Zu Pascales Glück gab es außer der verbotenen Gaststube und der Küche noch einen weiteren Ort, an dem man seine Zeit verbringen konnte: den Pferdestall. Schon früh am Morgen schaufelte sie sich den Weg frei, versorgte die Pferde mit Heu und griff dann erneut zur Mistgabel, um die Pferdeäpfel in einen kleinen Karren zu befördern. Der Misthaufen war der einzige Platz im Hof, der nicht unter einer weißen Decke begraben lag, denn das alte Stroh war ständig warm und dampfte auch in der Kälte noch vor sich hin, zumindest jetzt, wo sie ganze dreizehn Pferde im Stall hatten, so viele wie noch nie, seit Pascale denken konnte.

Ihr Gasthaus lag so weit ab von allen Reiserouten, dass sich nur selten mal ein Reisender hierher verirrte. Die meisten ihrer Gäste waren Einheimische und wiederum deren Gäste, vielleicht der ein oder andere Pilger, der sich von der Via Lemovicensis hierher verlief, aber niemals, niemals, nicht kamen zehn beziehungsweise elf Reisende auf einen Schlag und blieben für über eine Woche. Bei der Berechnung der Vorräte für den Winter hatte Pascales Vater weder den starken Schneefall noch elf Dauergäste eingeplant. Nun hatten sie die Bescherung.
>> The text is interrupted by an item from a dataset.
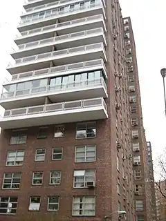 Morningside Gardens is a private housing cooperative operated by Morningside Heights Housing Corporation (MHHC) in Morningside Heights, Manhattan, New York City. It is composed of a parking garage and six apartment buildings of 21 stories each, for a total of about 980 apartments. MHHC rents space to the Children's Learning Center preschool and the Morningside Retirement and Health Service. The complex has many amenities for its cooperators including a playground, a fitness center, storage units, indoor play spaces for children and young adults, bike rooms, and a workshop including ceramics and woodworking.[1]

Trotz der Kälte begann Pascale zu schwitzen. Sie rieb sich mit dem Ärmel über die nasse Stirn.

»Was rackerst du dich hier so ab, habt ihr keinen Knecht?«

Pascale fuhr herum. Ihr Blick fiel auf einen der Soldaten, der sich an die Stalltür gelehnt und ihr offenbar schon eine Weile beim Misten zugesehen hatte. Es war der Mann, den sie Laubanger nannten, der Einzige von ihnen, der Französisch sprach. Er war der jüngste von ihnen, vielleicht gerade einmal Mitte zwanzig, und war weder von den Pocken vernarbt noch hatte er sonst irgendeinen Makel an sich. Er musterte sie von oben bis unten.

Pascale schüttelte den Kopf und schob die Mistgabel über ein vereistes Stück Boden, bis das Geräusch sie selbst ärgerte.

»Hör zu, du Hühnchen, gib den Pferden anständig zu fressen. Wir brechen morgen früh auf, der Hauptmann will es so, es ist ihm gleich, was Petrus dazu sagt. Er will nicht einen Tag länger warten. Also fütter sie anständig, damit sie Kraft haben.«

»Ja, Monsieur.«

Er grinste nur lustlos. Drehte sich um und ging.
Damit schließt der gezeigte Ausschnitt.